ModuleNotFoundError: No module named 'scripts'

## 2. Data Inspection: Geometry Complexity and Area Statistics
We inspect the census tract dataset to determine:
- Total number of features
- Geometry complexity (number of vertices per feature)
- Area statistics (min, max, average area in square kilometers)

### Basic Info

In [None]:
# Print high-level info about the GeoDataFrames
print("TRACTS INFO:")
tracts.info()
print("\nMONITORS INFO:")
monitors_gdf.info()

# Peek at a few rows
print("\nTRACTS HEAD:")
display(tracts.head(3))
print("\nMONITORS HEAD:")
display(monitors_gdf.head(3))

# If you want descriptive stats for numeric columns:
print("\nDescriptive Stats for MONITORS:")
display(monitors_gdf.describe(include='all'))

### Missing Values

In [None]:
# Count missing values in each column
print("Missing values in tracts:")
print(tracts.isna().sum())

print("\nMissing values in monitors_gdf:")
print(monitors_gdf.isna().sum())

### Pollutant Details

In [None]:
target_pollutant = "Ozone"  # or "PM2.5 - Local Conditions"
subset = monitors_gdf[monitors_gdf["Parameter Name"] == target_pollutant]
print(f"\nNumber of rows for {target_pollutant}:", len(subset))
display(subset.describe())

In [None]:
sns.histplot(data=subset, x="Arithmetic Mean", kde=True)
plt.title(f"Distribution of {target_pollutant} Arithmetic Mean")
plt.show()

### Coordinate Reference Systems (CRS)

In [None]:
# Convert tracts to EPSG:4326 (WGS84) for consistency in some operations
tracts_filtered_wgs = tracts.to_crs(epsg=4326)

# 1. Number of features
num_features = len(tracts_filtered_wgs)
print("Number of features in tracts_filtered_wgs:", num_features)

# 2. Geometry Complexity
def count_vertices(geom):
    """Count number of vertices in a geometry (for Polygon or MultiPolygon)."""
    if geom.geom_type == 'Polygon':
        return len(geom.exterior.coords)
    elif geom.geom_type == 'MultiPolygon':
        return sum(len(part.exterior.coords) for part in geom.geoms)
    else:
        return 0

tracts_filtered_wgs['num_vertices'] = tracts_filtered_wgs.geometry.apply(count_vertices)
avg_vertices = tracts_filtered_wgs['num_vertices'].mean()
min_vertices = tracts_filtered_wgs['num_vertices'].min()
max_vertices = tracts_filtered_wgs['num_vertices'].max()
print("\nGeometry Complexity (vertices per feature):")
print(f" - Average vertices: {avg_vertices:.2f}")
print(f" - Minimum vertices: {min_vertices}")
print(f" - Maximum vertices: {max_vertices}")

# 3. Area Statistics
# Reproject tracts to EPSG:3310 (California Albers Equal Area) for accurate area calculation
tracts_proj = tracts.to_crs(epsg=3310)
tracts_filtered_wgs['area_sq_km'] = tracts_proj.geometry.area / 1e6  # area in sq km

min_area = tracts_filtered_wgs['area_sq_km'].min()
max_area = tracts_filtered_wgs['area_sq_km'].max()
avg_area = tracts_filtered_wgs['area_sq_km'].mean()
print("\nCensus Tract Area (sq km) Statistics:")
print(f" - Minimum area: {min_area:.2f} sq km")
print(f" - Maximum area: {max_area:.2f} sq km")
print(f" - Average area: {avg_area:.2f} sq km")
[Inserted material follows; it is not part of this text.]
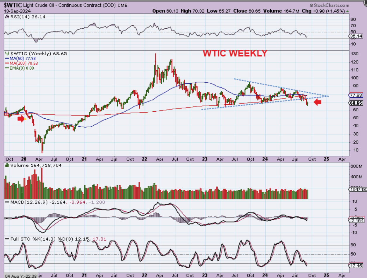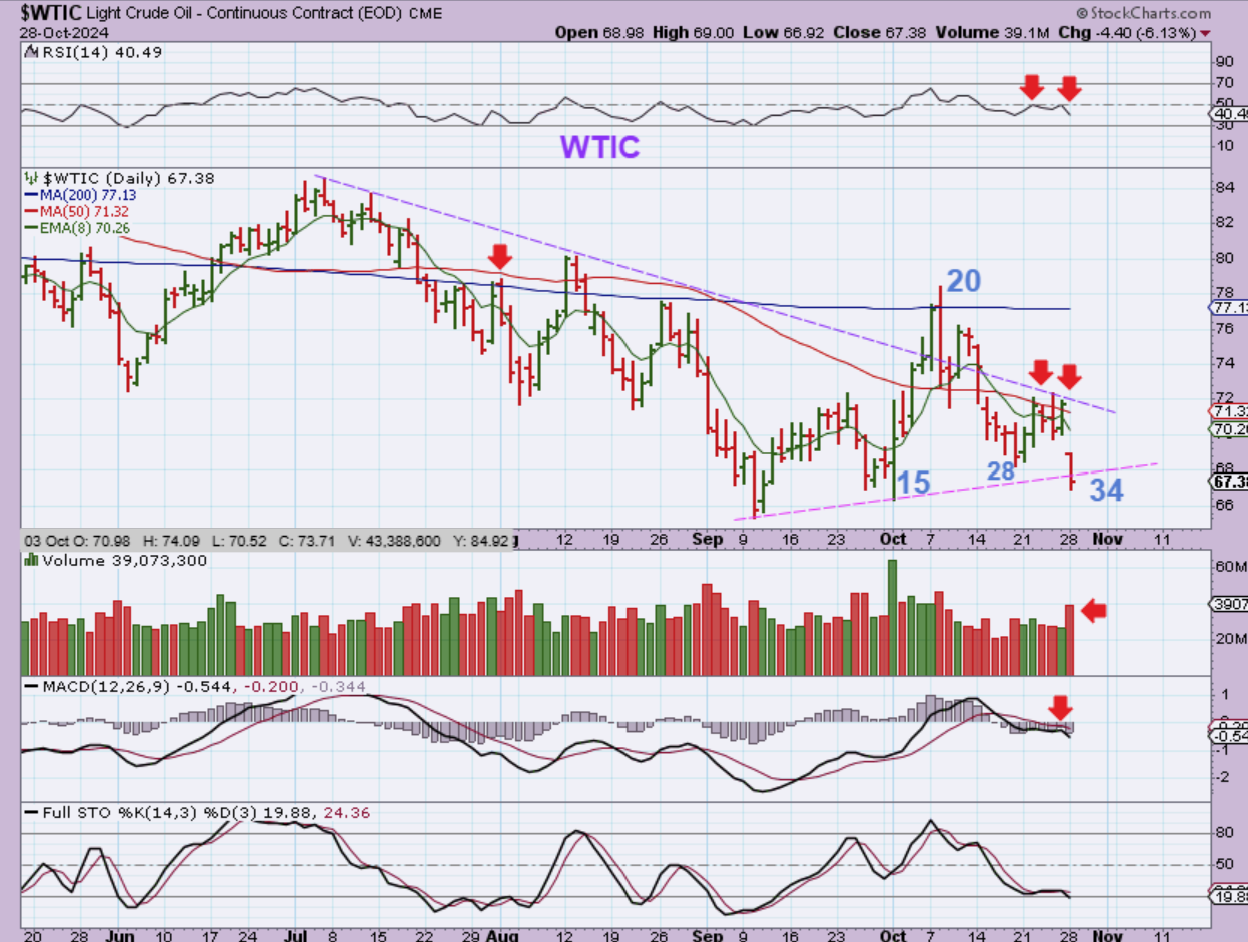 Sell off lower for a couple of weeks? Could it? Back in September I posted a couple of longer-term charts reminding us that Oil traded in the single digits just 4 years ago, so anything can happen.

print("\nMonitors CRS:", monitors_gdf.crs)
print("tracts_filtered_wgs CRS:", tracts_filtered_wgs.crs)

# Inspect a few rows of each dataset
print("Number of census tracts loaded:", len(tracts))
print("Number of monitors loaded:", len(monitors_gdf))

## Filtering and Cleaning

### Invalid Geometry or Duplicates

In [None]:
# Drop any rows with missing geometry in monitors
monitors_gdf = monitors_gdf[monitors_gdf.geometry.notna()].copy()

# Drop duplicates if needed (e.g., duplicates in monitor ID + geometry)
monitors_gdf.drop_duplicates(subset=["monitor_id", "Latitude", "Longitude"], inplace=True)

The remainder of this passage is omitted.